§ **WORK ITEM**: Starting with the line that contains "Some of our" and stopping after the line that contains "The 30th edition", return each line below exactly as written, with no others.

§ **INFORMATION SUPPLIED**:
:::::
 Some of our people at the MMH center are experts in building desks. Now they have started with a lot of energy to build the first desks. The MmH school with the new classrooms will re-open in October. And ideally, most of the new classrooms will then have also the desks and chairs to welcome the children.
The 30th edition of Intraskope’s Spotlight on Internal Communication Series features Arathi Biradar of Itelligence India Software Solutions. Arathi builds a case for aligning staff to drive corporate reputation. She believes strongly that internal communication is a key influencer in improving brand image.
:::::
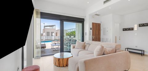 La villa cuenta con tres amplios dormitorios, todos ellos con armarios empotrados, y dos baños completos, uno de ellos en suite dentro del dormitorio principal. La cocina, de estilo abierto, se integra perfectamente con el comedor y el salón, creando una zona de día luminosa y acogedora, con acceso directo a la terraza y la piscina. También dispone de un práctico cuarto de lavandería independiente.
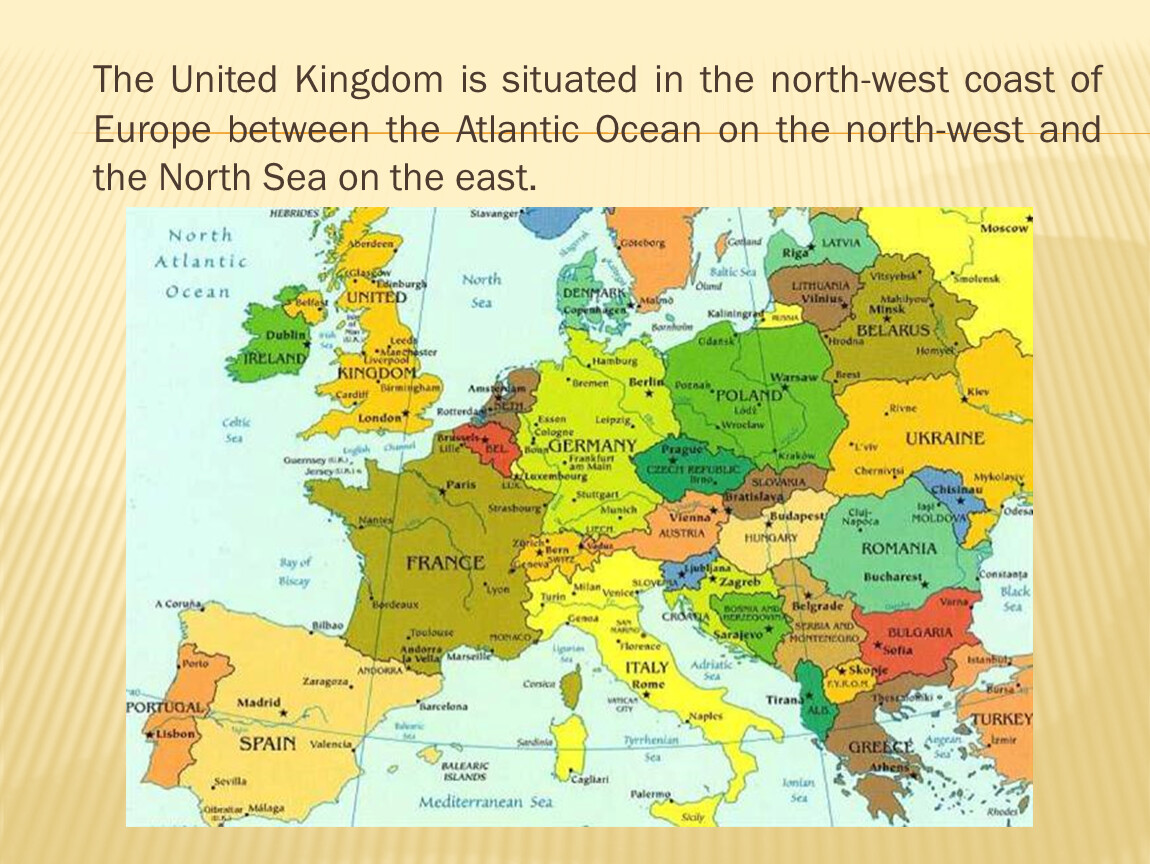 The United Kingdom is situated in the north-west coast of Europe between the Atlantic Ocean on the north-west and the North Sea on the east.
:::::
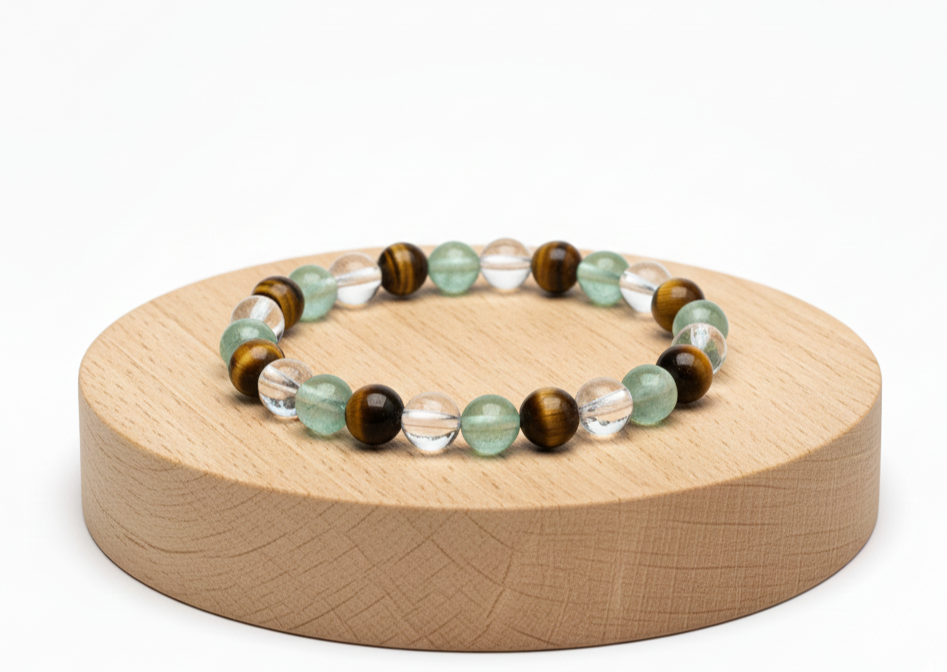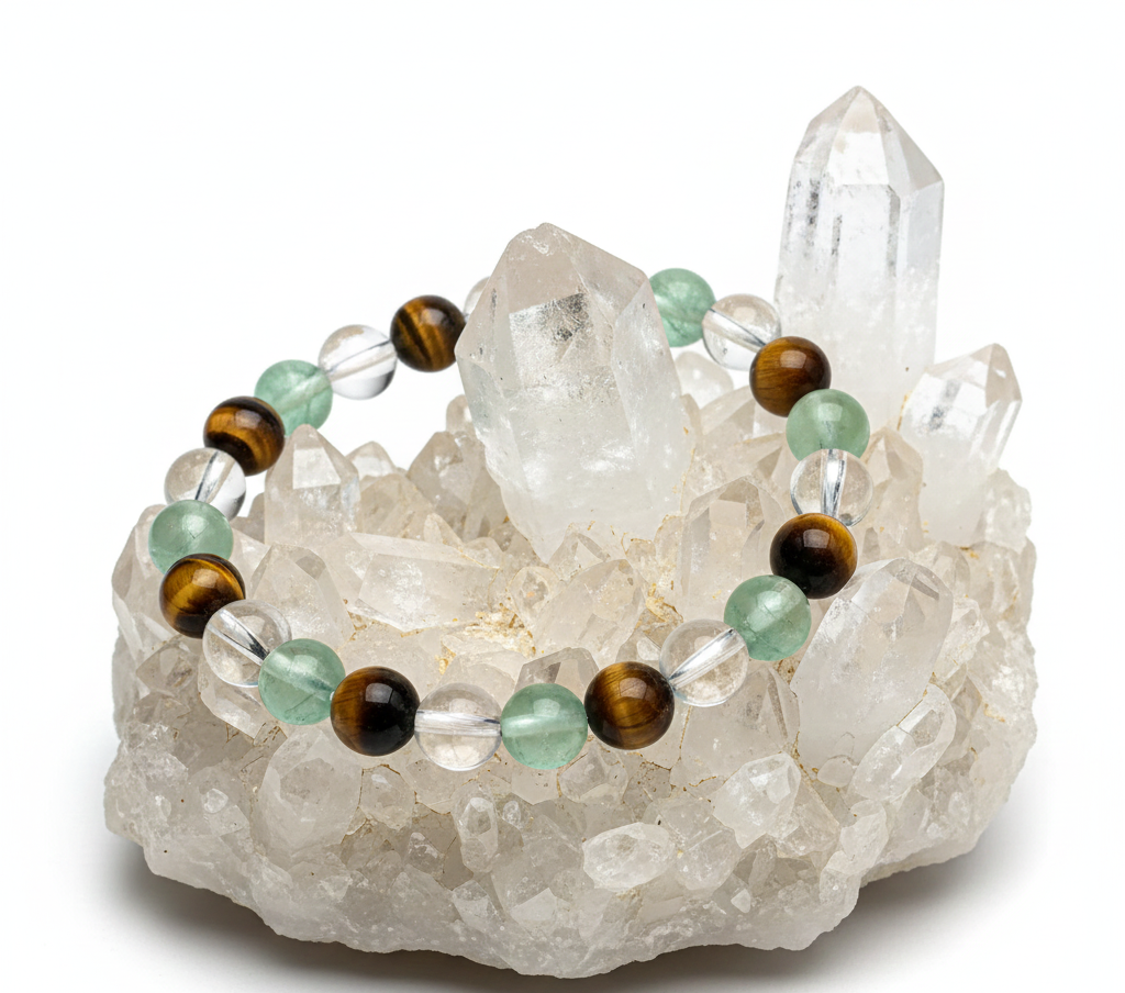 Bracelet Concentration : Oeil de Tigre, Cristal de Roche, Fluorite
:::::
§ **SOLVED EXERCISE**:
 Some of our people at the MMH center are experts in building desks. Now they have started with a lot of energy to build the first desks. The MmH school with the new classrooms will re-open in October. And ideally, most of the new classrooms will then have also the desks and chairs to welcome the children.
The 30th edition of Intraskope’s Spotlight on Internal Communication Series features Arathi Biradar of Itelligence India Software Solutions. Arathi builds a case for aligning staff to drive corporate reputation. She believes strongly that internal communication is a key influencer in improving brand image.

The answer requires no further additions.